Within James Kent’s perceptions, all human meaning is stripped away as unnecessary personal subjectivity. His work typifies the ‘mammoth hunting’ approach where all phenomena is assumed to be known and all unknowns are considered undesirable. There are very few human elements within his words, which only communicate of superficial optical phenomena. And the reason why this phenomenon is being generated is said to be because of ‘agonism’ of certain receptors.
The presumptuos nature of James Kent’s views can be clearly viewed in one of his sentences from his book, Psychedelic Information Theory: Shamanism in the Age of Reason:
"In many ways these sacred songs or icaros are attempts to recreate the voice and tone of the pharmacological interaction at various stages of the psychedelic experience."
Well, that is not what the singers of the sacred songs say! He has presented a theory and now wants us to believe the shamans do what he says. I doubt most shamans have any concept of ‘psychedelic experience’. He then goes on to say the shaman is, in fact, only matching the periodic frequency of the hallucinogenic interrupt!

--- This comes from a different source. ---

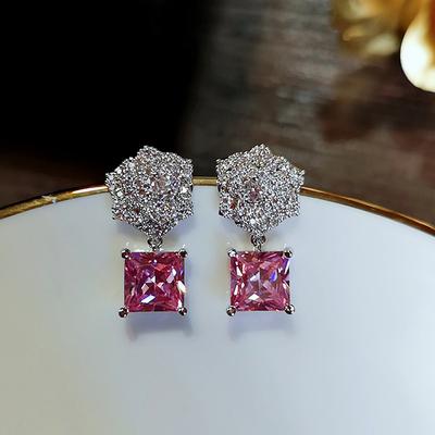 Zircon Flower Earrings Light Luxury High-End Stud Earrings Ins Temperament Earrings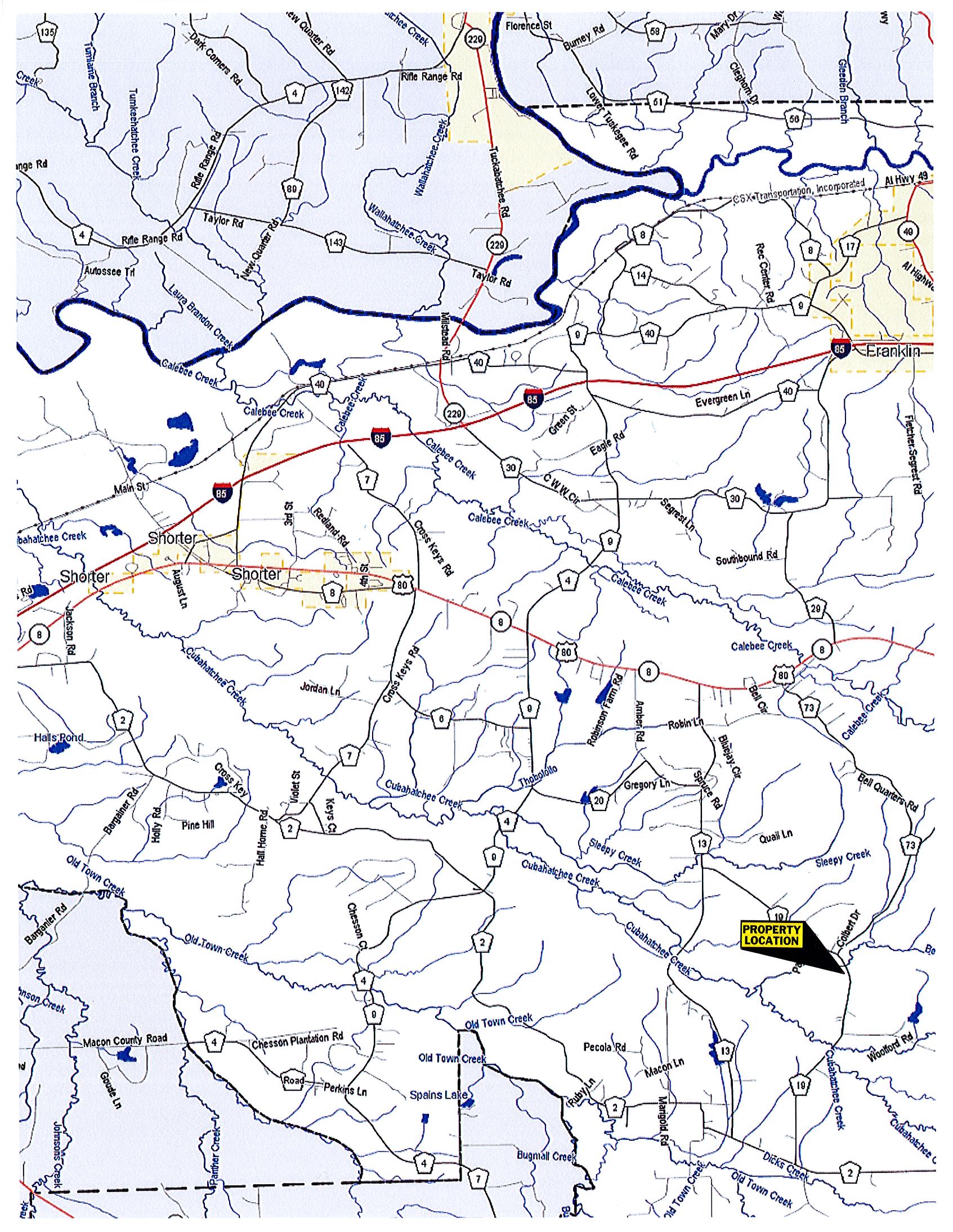This outstanding hunting tract is located only 30 minutes east of Montgomery and 30 minutes west of Auburn. There are several mature hardwood bottoms with a variety of mature acorn-bearing oaks surrounded by mixed pine and hardwood stands of mature timber. Beaverdam Creek runs through the middle of the property. There are several large (2+ acres) wildlife fields, all with nice shooting houses, that are ideal for year round planting. One area of about 15 acres is thick, natural regeneration young pine and hardwoods which was intentionally left for a bedding area for deer. There are three small ponds on the property, one of which would make an ideal duck hole. This truly diverse property has a little bit of everything which is rare for a piece of property this size. The property is in the heart of big buck country with excellent deer hunting and great turkey hunting as well. With a mile of road frontage, this property could easily be divided into 2 or 3 parcels.

James Kent argues that much of the phenomena people experience in the psychedelic state is due to set and setting, the mindset or mind state and environment in which taking the compound occurs. Again, this perception is not allowing for the possibility that there is incoming data from outside of the brain, which is overwhelmingly what appears to be the case. But to accept the existence of this data requires a complete shift in paradigm for secular western materialists; to understand that we are not alone and that the physical reality is not the only reality. Reading James Kent's words, one is left with the sense that even though he feels he has explained so much, nothing he says essentially helps us to truly enquire into or understand reality, or truly transform our thinking through our relationship with our reality. He wants to us to close the case and believe that his explanation and interpretation is all that we need.